[Collection entries]
- - - -

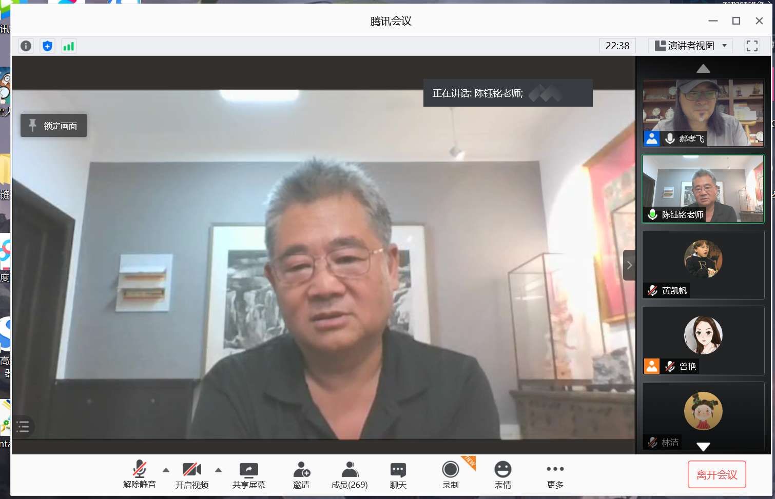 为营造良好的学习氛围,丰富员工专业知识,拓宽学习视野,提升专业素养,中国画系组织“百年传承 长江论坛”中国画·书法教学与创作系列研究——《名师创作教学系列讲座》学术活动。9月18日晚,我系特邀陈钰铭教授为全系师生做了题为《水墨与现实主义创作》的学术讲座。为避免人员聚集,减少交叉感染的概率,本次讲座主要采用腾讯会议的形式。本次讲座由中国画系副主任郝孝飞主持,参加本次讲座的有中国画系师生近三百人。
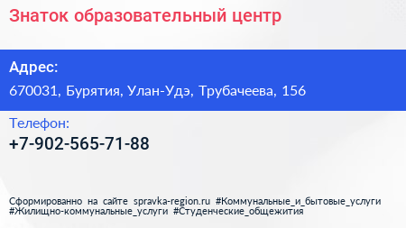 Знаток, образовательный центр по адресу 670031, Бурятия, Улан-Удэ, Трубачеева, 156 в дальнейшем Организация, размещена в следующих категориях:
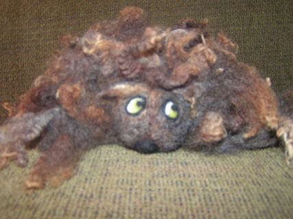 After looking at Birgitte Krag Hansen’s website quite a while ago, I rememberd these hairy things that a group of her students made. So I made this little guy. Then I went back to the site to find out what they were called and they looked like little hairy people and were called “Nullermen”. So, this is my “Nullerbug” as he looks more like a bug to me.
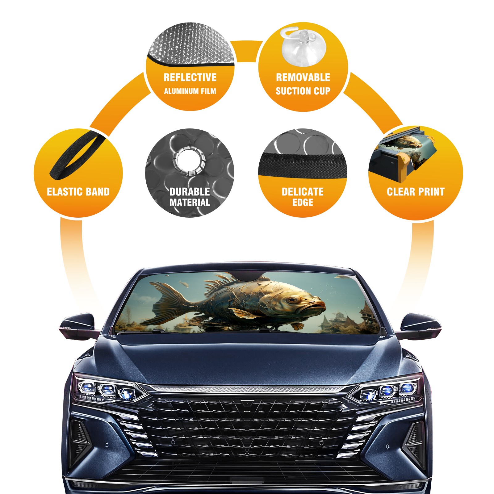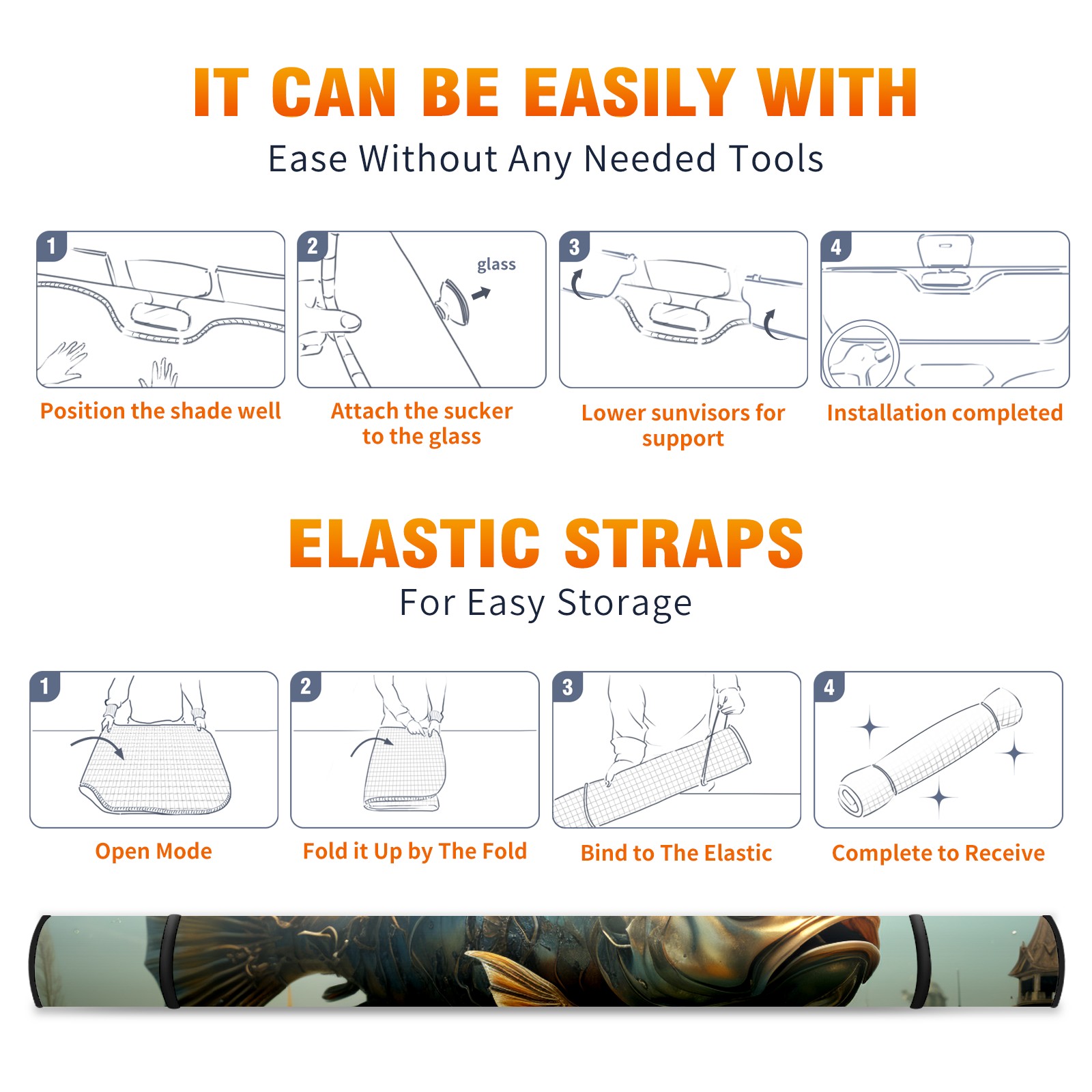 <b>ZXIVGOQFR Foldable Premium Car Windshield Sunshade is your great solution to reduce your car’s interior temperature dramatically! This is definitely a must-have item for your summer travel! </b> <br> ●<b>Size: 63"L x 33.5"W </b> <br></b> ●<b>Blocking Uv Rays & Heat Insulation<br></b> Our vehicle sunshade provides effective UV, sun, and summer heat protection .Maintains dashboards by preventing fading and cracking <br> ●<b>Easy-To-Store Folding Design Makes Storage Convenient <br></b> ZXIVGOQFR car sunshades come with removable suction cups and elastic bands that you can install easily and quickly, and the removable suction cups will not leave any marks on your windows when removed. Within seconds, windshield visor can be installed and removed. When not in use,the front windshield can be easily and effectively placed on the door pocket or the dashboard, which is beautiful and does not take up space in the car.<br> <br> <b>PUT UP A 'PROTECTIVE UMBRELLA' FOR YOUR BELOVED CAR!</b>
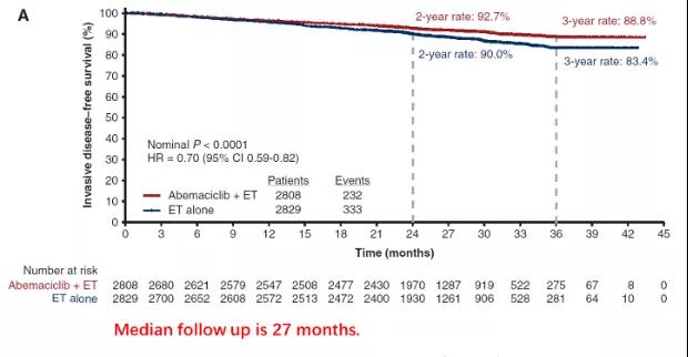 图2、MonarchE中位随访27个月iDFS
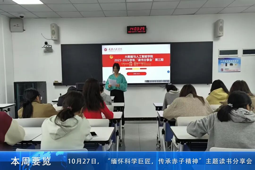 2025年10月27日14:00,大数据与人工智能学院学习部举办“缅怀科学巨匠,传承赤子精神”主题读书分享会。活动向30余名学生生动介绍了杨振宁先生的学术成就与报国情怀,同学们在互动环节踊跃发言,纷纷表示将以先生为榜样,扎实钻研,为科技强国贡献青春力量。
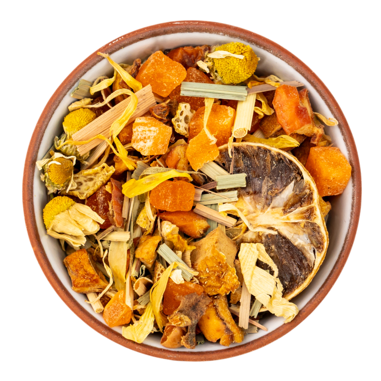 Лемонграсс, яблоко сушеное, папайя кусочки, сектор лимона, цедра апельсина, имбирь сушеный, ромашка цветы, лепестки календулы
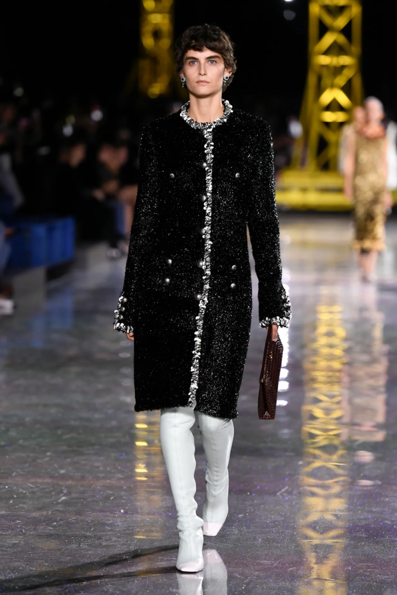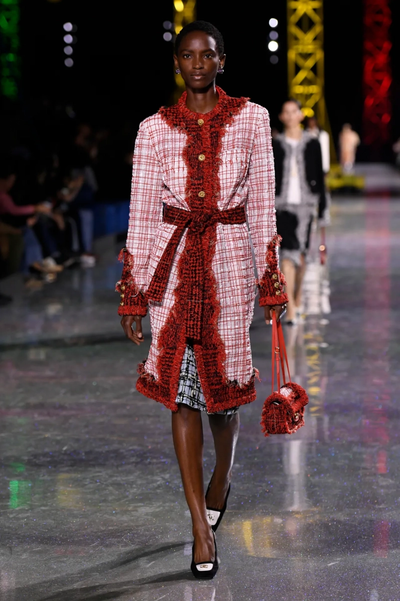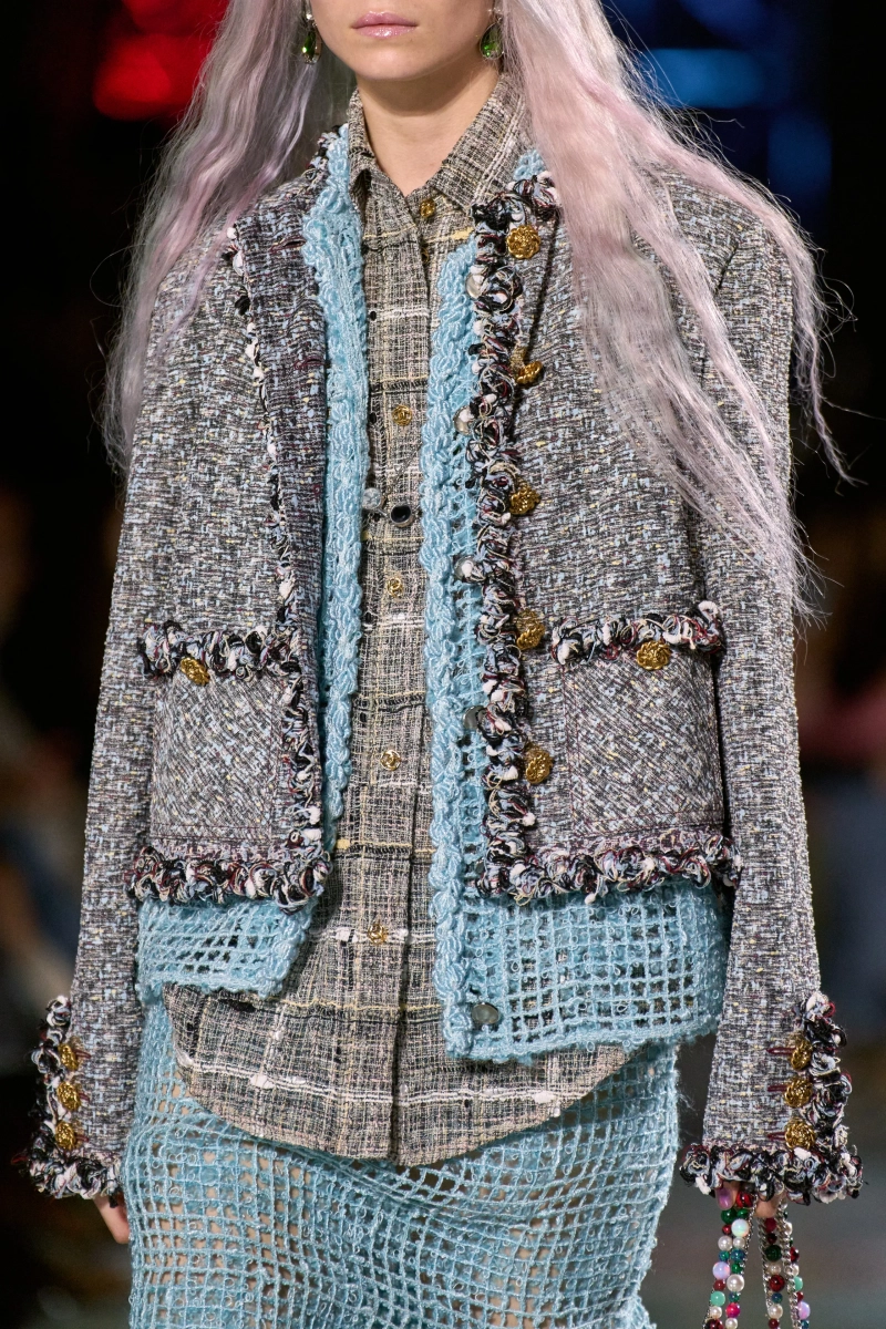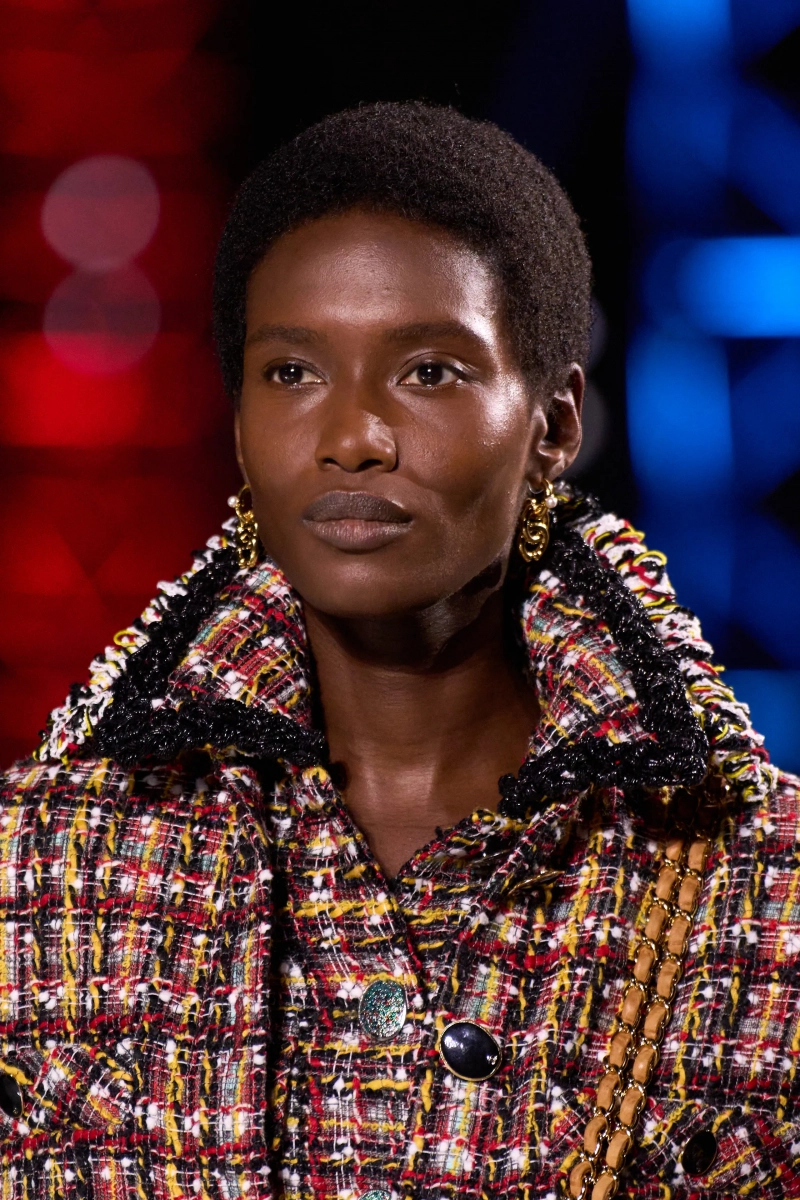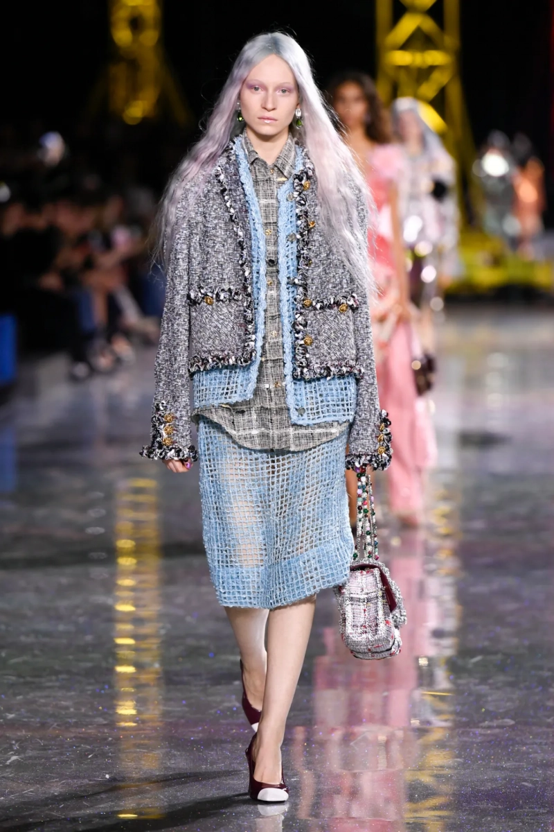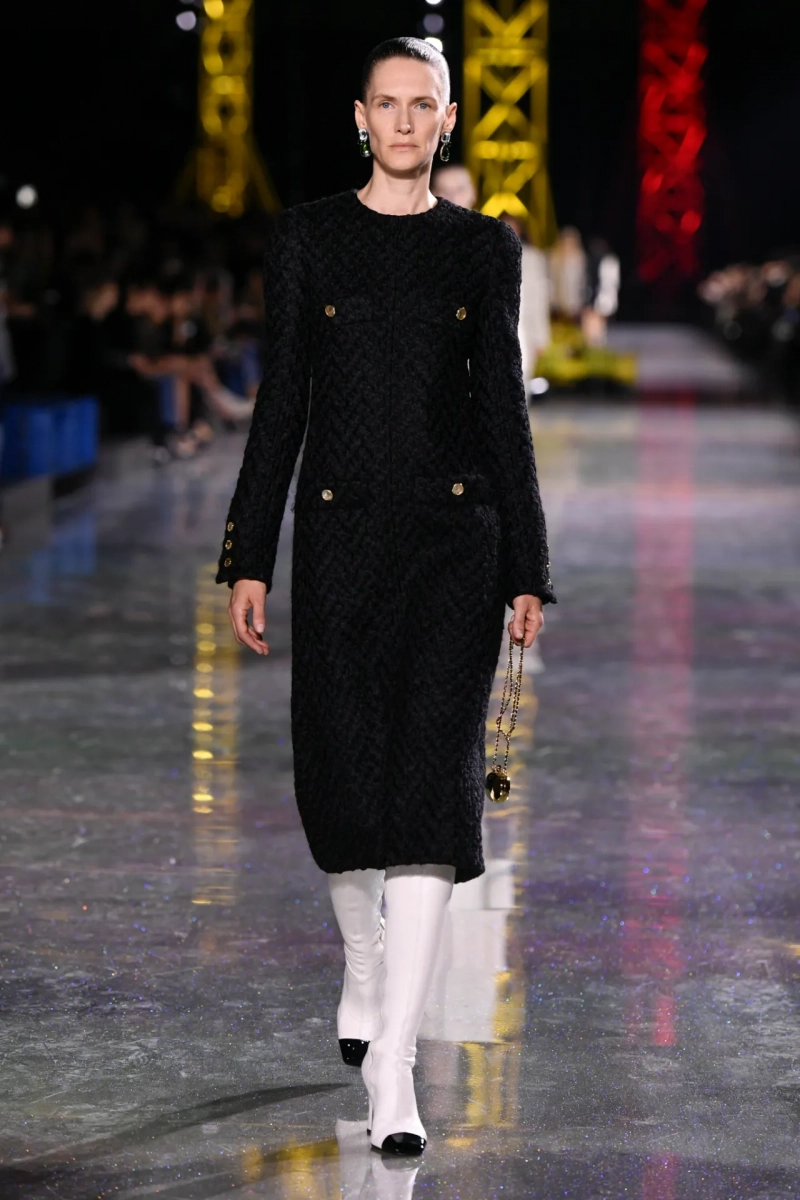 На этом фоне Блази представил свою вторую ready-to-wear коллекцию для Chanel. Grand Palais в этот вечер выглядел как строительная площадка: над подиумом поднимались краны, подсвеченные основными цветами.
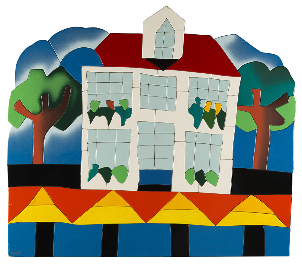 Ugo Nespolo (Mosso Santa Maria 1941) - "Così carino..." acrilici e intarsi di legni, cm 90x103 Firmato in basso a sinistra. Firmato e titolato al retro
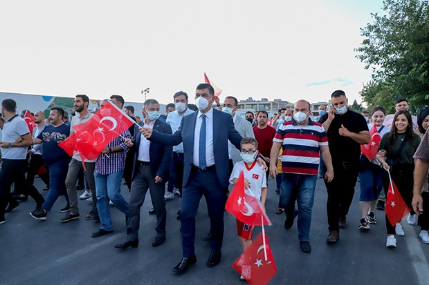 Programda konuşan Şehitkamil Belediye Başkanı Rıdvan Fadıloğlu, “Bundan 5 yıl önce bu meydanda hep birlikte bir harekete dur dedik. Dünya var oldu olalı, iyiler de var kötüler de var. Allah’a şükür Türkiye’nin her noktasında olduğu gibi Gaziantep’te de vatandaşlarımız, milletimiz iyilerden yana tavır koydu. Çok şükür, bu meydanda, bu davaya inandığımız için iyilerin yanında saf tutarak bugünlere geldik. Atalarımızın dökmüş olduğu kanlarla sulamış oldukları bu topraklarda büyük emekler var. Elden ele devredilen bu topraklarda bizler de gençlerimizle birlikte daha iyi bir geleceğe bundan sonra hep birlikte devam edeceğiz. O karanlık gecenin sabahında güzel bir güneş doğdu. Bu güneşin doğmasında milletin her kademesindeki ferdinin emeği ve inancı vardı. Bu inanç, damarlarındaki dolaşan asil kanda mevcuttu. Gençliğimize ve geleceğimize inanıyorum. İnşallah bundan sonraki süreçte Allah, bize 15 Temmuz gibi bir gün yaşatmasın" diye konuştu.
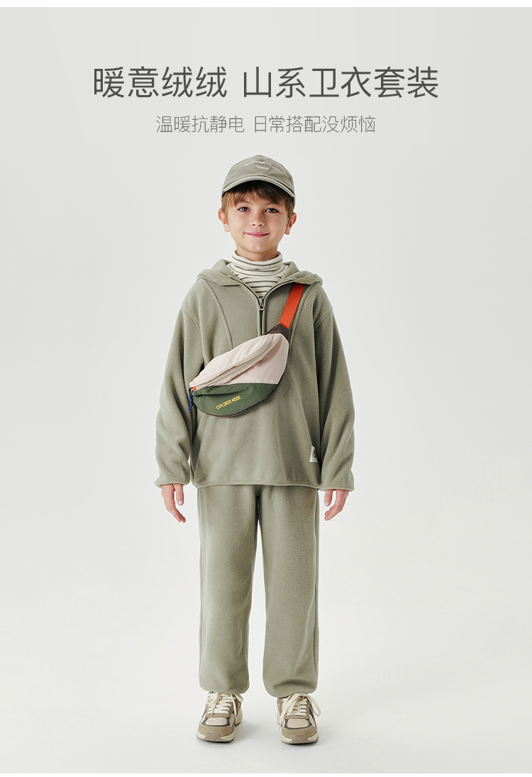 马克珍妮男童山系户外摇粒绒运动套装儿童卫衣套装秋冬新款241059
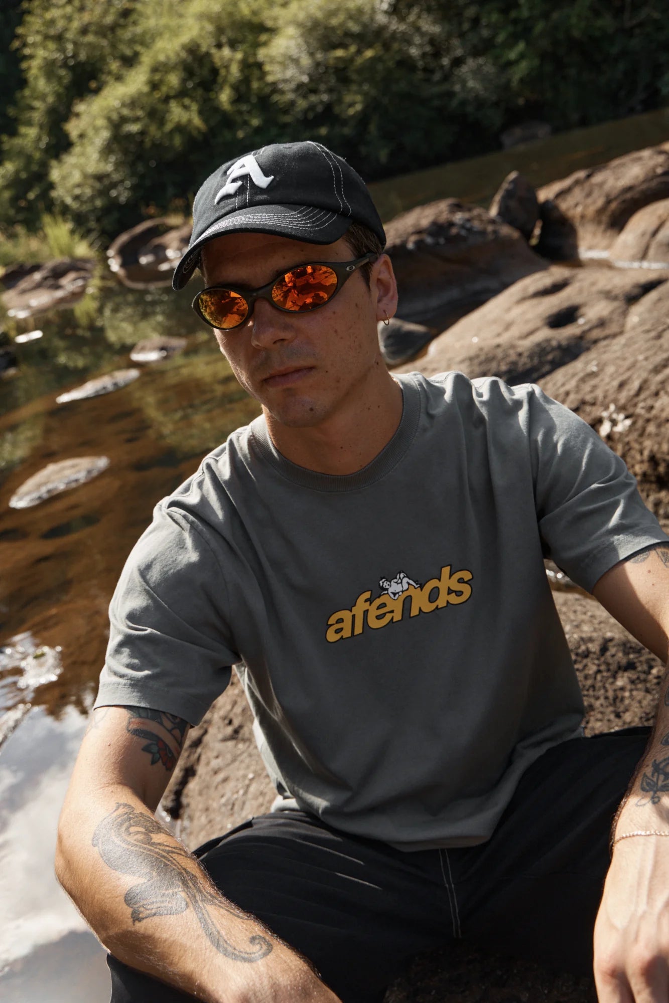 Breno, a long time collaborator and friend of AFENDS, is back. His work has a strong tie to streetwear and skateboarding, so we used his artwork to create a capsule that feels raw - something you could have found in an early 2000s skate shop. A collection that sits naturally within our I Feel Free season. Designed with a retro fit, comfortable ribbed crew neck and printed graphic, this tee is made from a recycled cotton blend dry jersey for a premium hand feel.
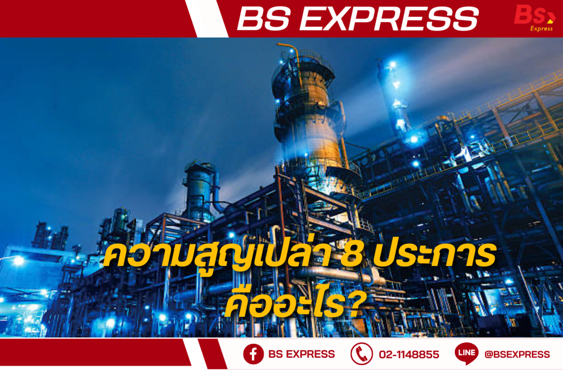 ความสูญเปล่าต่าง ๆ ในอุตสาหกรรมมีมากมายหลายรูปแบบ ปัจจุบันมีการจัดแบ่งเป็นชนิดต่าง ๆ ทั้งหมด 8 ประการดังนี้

- - - -

» **What to work on**
Copy exactly the lines that run from the one containing "Ugo Nespolo (Mosso" to the last line of the records, both included, and leave out every picture.

» **Output below**
 Ugo Nespolo (Mosso Santa Maria 1941) - "Così carino..." acrilici e intarsi di legni, cm 90x103 Firmato in basso a sinistra. Firmato e titolato al retro
 Programda konuşan Şehitkamil Belediye Başkanı Rıdvan Fadıloğlu, “Bundan 5 yıl önce bu meydanda hep birlikte bir harekete dur dedik. Dünya var oldu olalı, iyiler de var kötüler de var. Allah’a şükür Türkiye’nin her noktasında olduğu gibi Gaziantep’te de vatandaşlarımız, milletimiz iyilerden yana tavır koydu. Çok şükür, bu meydanda, bu davaya inandığımız için iyilerin yanında saf tutarak bugünlere geldik. Atalarımızın dökmüş olduğu kanlarla sulamış oldukları bu topraklarda büyük emekler var. Elden ele devredilen bu topraklarda bizler de gençlerimizle birlikte daha iyi bir geleceğe bundan sonra hep birlikte devam edeceğiz. O karanlık gecenin sabahında güzel bir güneş doğdu. Bu güneşin doğmasında milletin her kademesindeki ferdinin emeği ve inancı vardı. Bu inanç, damarlarındaki dolaşan asil kanda mevcuttu. Gençliğimize ve geleceğimize inanıyorum. İnşallah bundan sonraki süreçte Allah, bize 15 Temmuz gibi bir gün yaşatmasın" diye konuştu.
 马克珍妮男童山系户外摇粒绒运动套装儿童卫衣套装秋冬新款241059
 Breno, a long time collaborator and friend of AFENDS, is back. His work has a strong tie to streetwear and skateboarding, so we used his artwork to create a capsule that feels raw - something you could have found in an early 2000s skate shop. A collection that sits naturally within our I Feel Free season. Designed with a retro fit, comfortable ribbed crew neck and printed graphic, this tee is made from a recycled cotton blend dry jersey for a premium hand feel.
 ความสูญเปล่าต่าง ๆ ในอุตสาหกรรมมีมากมายหลายรูปแบบ ปัจจุบันมีการจัดแบ่งเป็นชนิดต่าง ๆ ทั้งหมด 8 ประการดังนี้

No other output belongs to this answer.